Records from a dataset
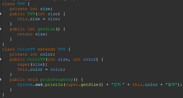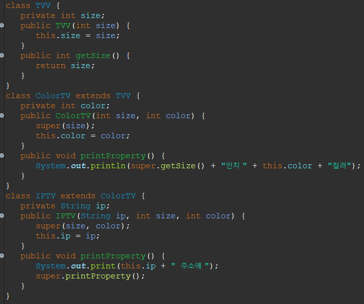 [2번] 다음 main() 메소드와 실행 결과를 참고하여 ColorTV를 상속받는
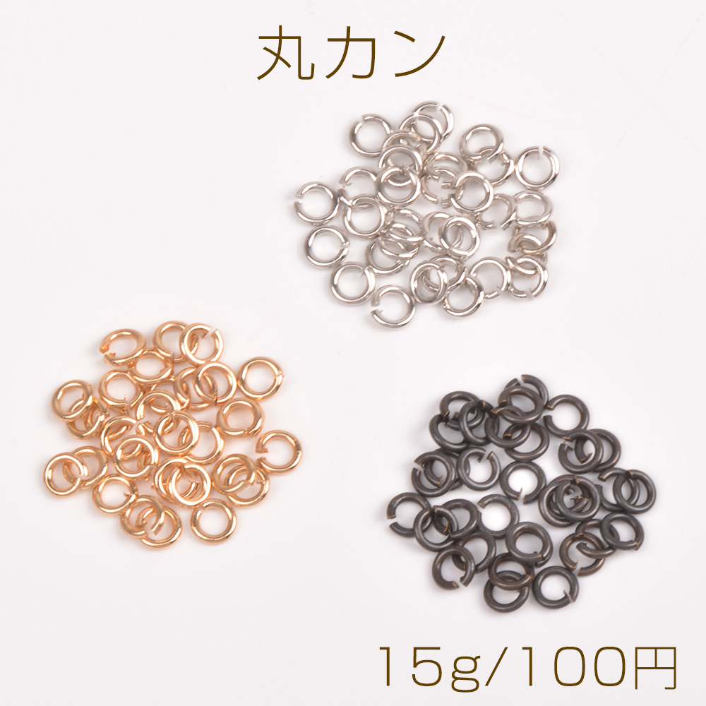 丸カン ミックス 0.6×3mm ゴールド&ロジウム&ブラックニッケル 各約5g(15g)
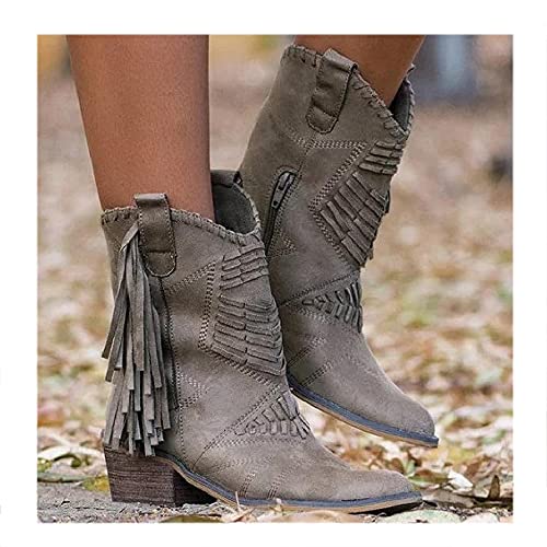 HUDUO Stivali da Cowboy Western Donna Stivali da Cowboy con Frange alla Caviglia Tacco A Blocco Ricamo A metà Polpaccio Scarpe di Moda di Grandi Dimensioni,Grey-42
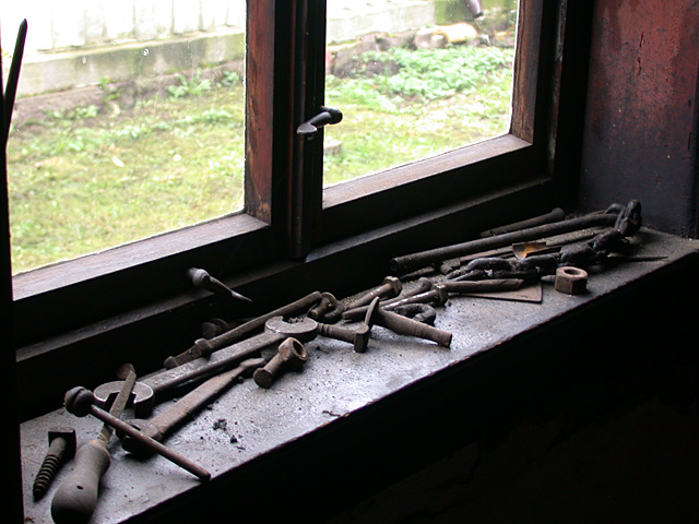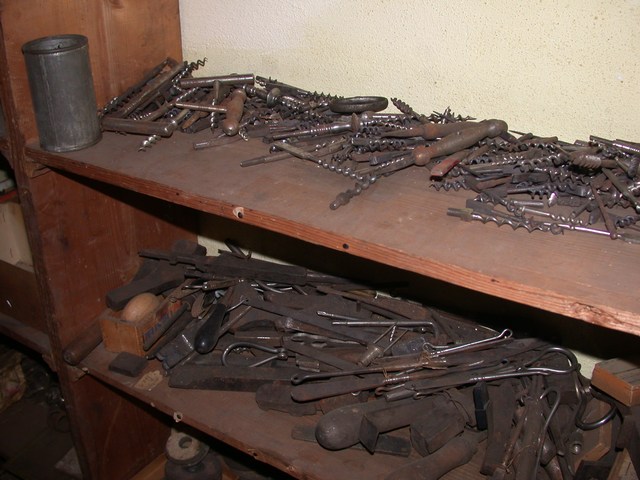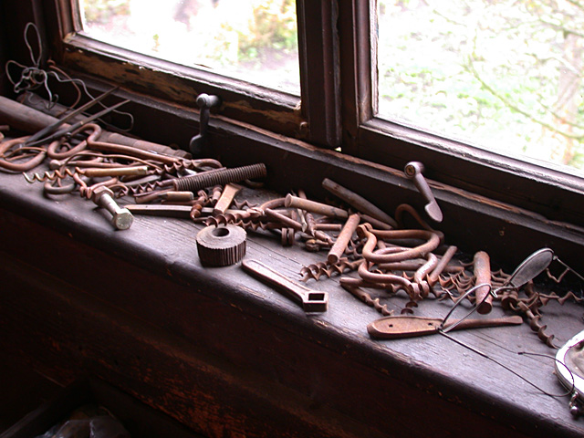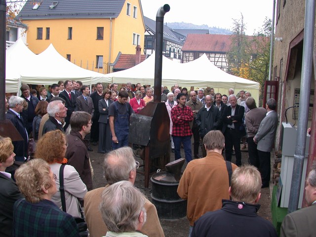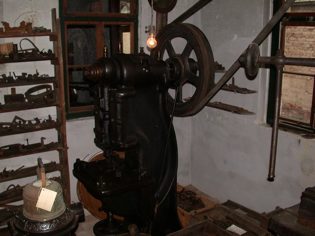 Unter den Gästen befanden sich neben Teilnehmern aus Politik, Wirtschaft und Nachbarschaft auch die Nachfahren von Richard Recknagel und die Mitglieder des Vereins Korkenzieherfreunde Im Vordergrund die Leiterin des Metallhandwerksmuseums, Veronika Jung, im Gespräch mit ihrem Kollegen aus Zella-Mehlis, Lutz von Nordheim Mit der Entfachung des Schiedefeuers wurde die Werkstatt stilvoll der neuen Bestimmung übergeben Die wuchtigen Rahmen zeugen von den gewaltigen Kräften der Schmiedearbeiten Mit Transmissionen wurden die Antriebskräfte an den verschiedenen Stellen der Werkstatt dem Produktionsprozess zur Verfügung gestellt Wo kein Motorantrieb die Kraft aufbrachte, mussten Schwungmassen und Spindelmechaniken eingesetzt werden Beeindruckende Stimmungsbilder aus frühen Zeiten Mit geteilten Gesenkhämmern wurden mit maschineller Unterstützung die Krätzer geformt Hier wurde alles abgelegt: Muster- und Fehlstücke, Werk- und Messzeuge, Brillen und Geldbörsen Richard Recknagel hatte alle Fertigunsgänge zur Herstellung eines Korkenziehers unter einem Dach vereint. Der Vorläufer einer modernen Fließbandfertigung Etwas von dem was hier in den Regalen liegt hätte jeder Korkenzieherfreund gerne in seiner Sammlung Bei genauem Hinsehen entdeckt man viele Details bekannter Schätze Dieses Meiserstück trägt das Datum 1928 Ein übergroßes Messemodell aus DREKO-Zeiten Sehr seltenes Exemplar eines Monopol 117 mit Kugellager und Blechglocke
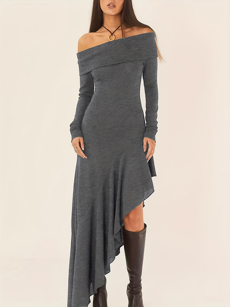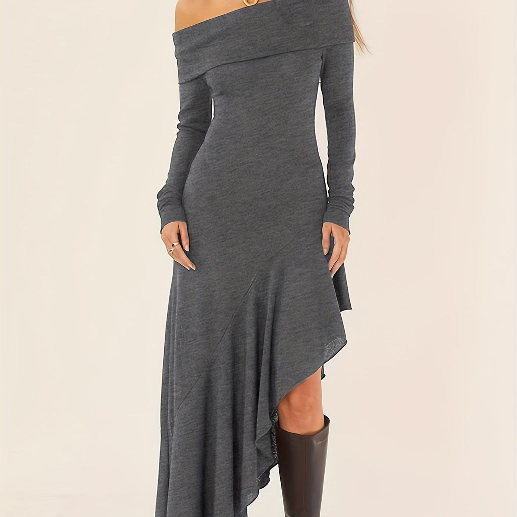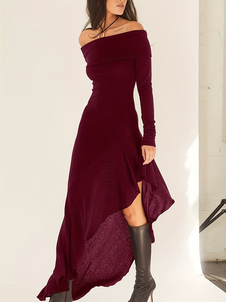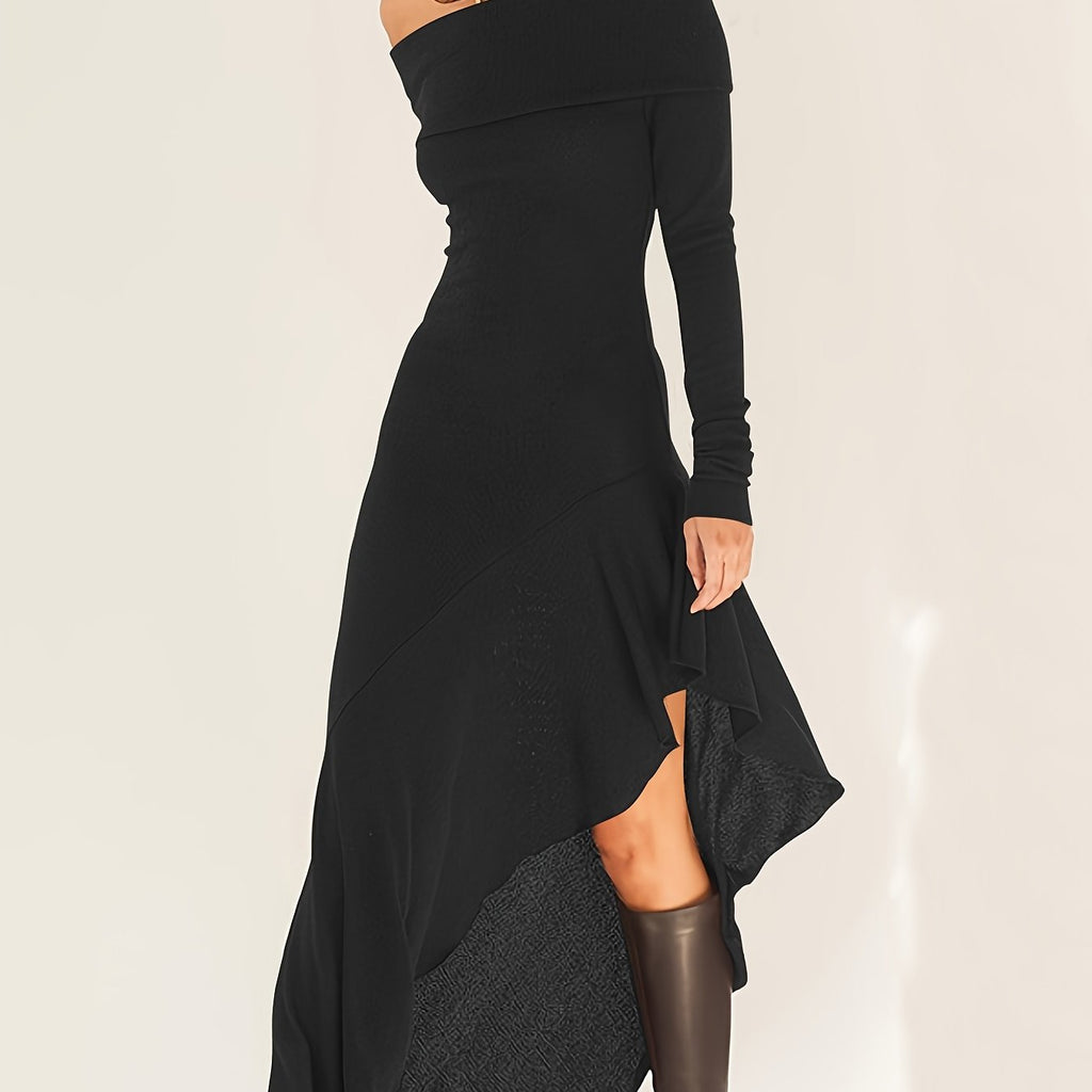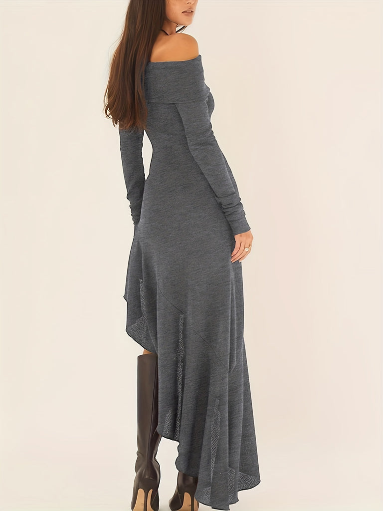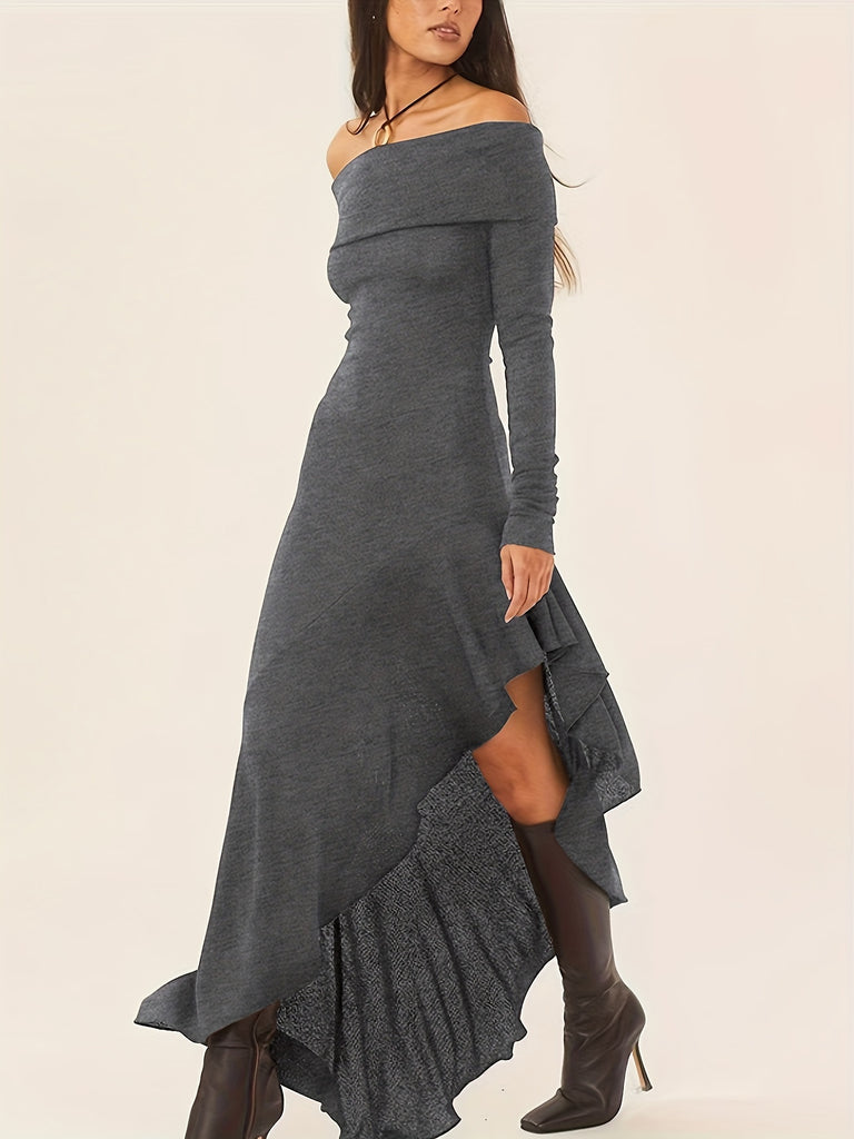 Elegant Ruffled Off Shoulder Long Sleeve Dress - Women's Backless Asymmetrical Slim Fit Dresses with Ruffle Hem - Perfect for Formal Occasions and Date Nights

(What to do)
Would you write out each record above exactly, with no images?

(Solution for this problem)
 [2번] 다음 main() 메소드와 실행 결과를 참고하여 ColorTV를 상속받는
 丸カン ミックス 0.6×3mm ゴールド&ロジウム&ブラックニッケル 各約5g(15g)
 HUDUO Stivali da Cowboy Western Donna Stivali da Cowboy con Frange alla Caviglia Tacco A Blocco Ricamo A metà Polpaccio Scarpe di Moda di Grandi Dimensioni,Grey-42
 Unter den Gästen befanden sich neben Teilnehmern aus Politik, Wirtschaft und Nachbarschaft auch die Nachfahren von Richard Recknagel und die Mitglieder des Vereins Korkenzieherfreunde Im Vordergrund die Leiterin des Metallhandwerksmuseums, Veronika Jung, im Gespräch mit ihrem Kollegen aus Zella-Mehlis, Lutz von Nordheim Mit der Entfachung des Schiedefeuers wurde die Werkstatt stilvoll der neuen Bestimmung übergeben Die wuchtigen Rahmen zeugen von den gewaltigen Kräften der Schmiedearbeiten Mit Transmissionen wurden die Antriebskräfte an den verschiedenen Stellen der Werkstatt dem Produktionsprozess zur Verfügung gestellt Wo kein Motorantrieb die Kraft aufbrachte, mussten Schwungmassen und Spindelmechaniken eingesetzt werden Beeindruckende Stimmungsbilder aus frühen Zeiten Mit geteilten Gesenkhämmern wurden mit maschineller Unterstützung die Krätzer geformt Hier wurde alles abgelegt: Muster- und Fehlstücke, Werk- und Messzeuge, Brillen und Geldbörsen Richard Recknagel hatte alle Fertigunsgänge zur Herstellung eines Korkenziehers unter einem Dach vereint. Der Vorläufer einer modernen Fließbandfertigung Etwas von dem was hier in den Regalen liegt hätte jeder Korkenzieherfreund gerne in seiner Sammlung Bei genauem Hinsehen entdeckt man viele Details bekannter Schätze Dieses Meiserstück trägt das Datum 1928 Ein übergroßes Messemodell aus DREKO-Zeiten Sehr seltenes Exemplar eines Monopol 117 mit Kugellager und Blechglocke
 Elegant Ruffled Off Shoulder Long Sleeve Dress - Women's Backless Asymmetrical Slim Fit Dresses with Ruffle Hem - Perfect for Formal Occasions and Date Nights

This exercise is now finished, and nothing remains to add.